- [The task]: Beginning with the line of the entries below that holds "嗜好性が高く免疫力サポートに" and ending with the line that holds "Synes der en", transcribe each line exactly as written. Pictures stay out.

- [Extracted entries]:

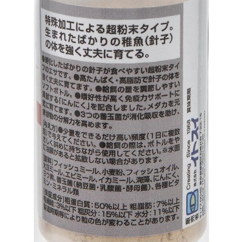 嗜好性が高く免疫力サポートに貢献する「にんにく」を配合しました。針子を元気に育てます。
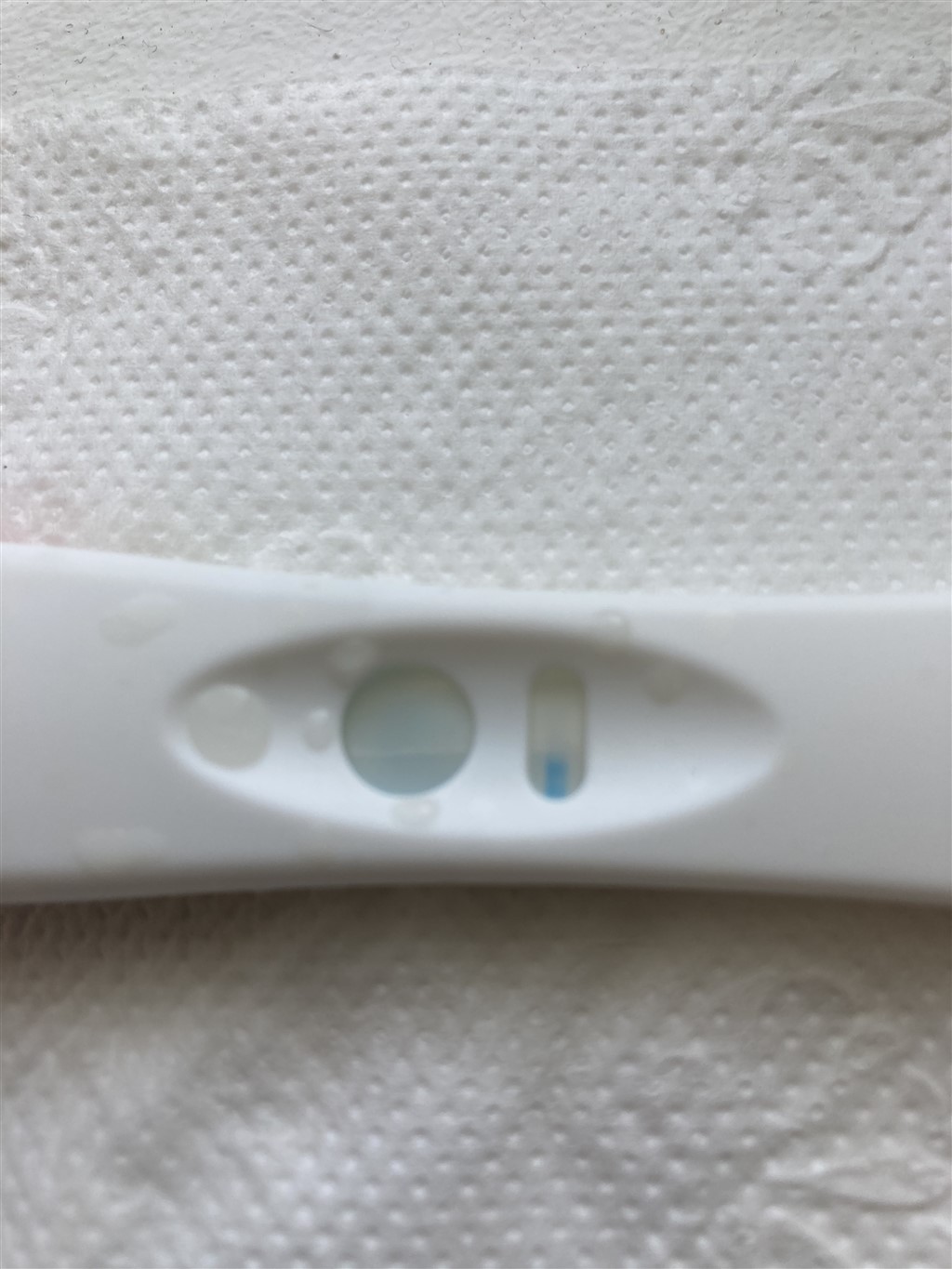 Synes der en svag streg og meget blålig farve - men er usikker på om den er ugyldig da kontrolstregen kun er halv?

---

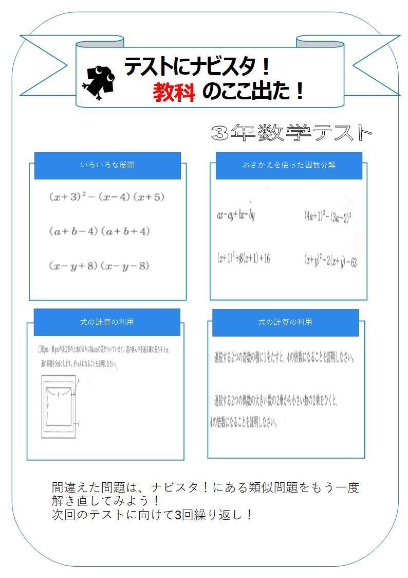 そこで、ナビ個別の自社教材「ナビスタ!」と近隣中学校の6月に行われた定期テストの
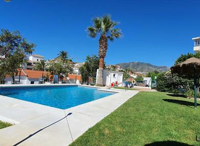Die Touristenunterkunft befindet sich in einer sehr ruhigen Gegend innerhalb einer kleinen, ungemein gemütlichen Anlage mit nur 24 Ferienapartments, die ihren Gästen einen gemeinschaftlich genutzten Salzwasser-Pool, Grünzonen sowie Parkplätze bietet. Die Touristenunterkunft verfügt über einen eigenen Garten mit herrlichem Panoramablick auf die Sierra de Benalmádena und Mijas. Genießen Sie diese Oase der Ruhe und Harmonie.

- [Task answer]:
 嗜好性が高く免疫力サポートに貢献する「にんにく」を配合しました。針子を元気に育てます。
 Synes der en svag streg og meget blålig farve - men er usikker på om den er ugyldig da kontrolstregen kun er halv?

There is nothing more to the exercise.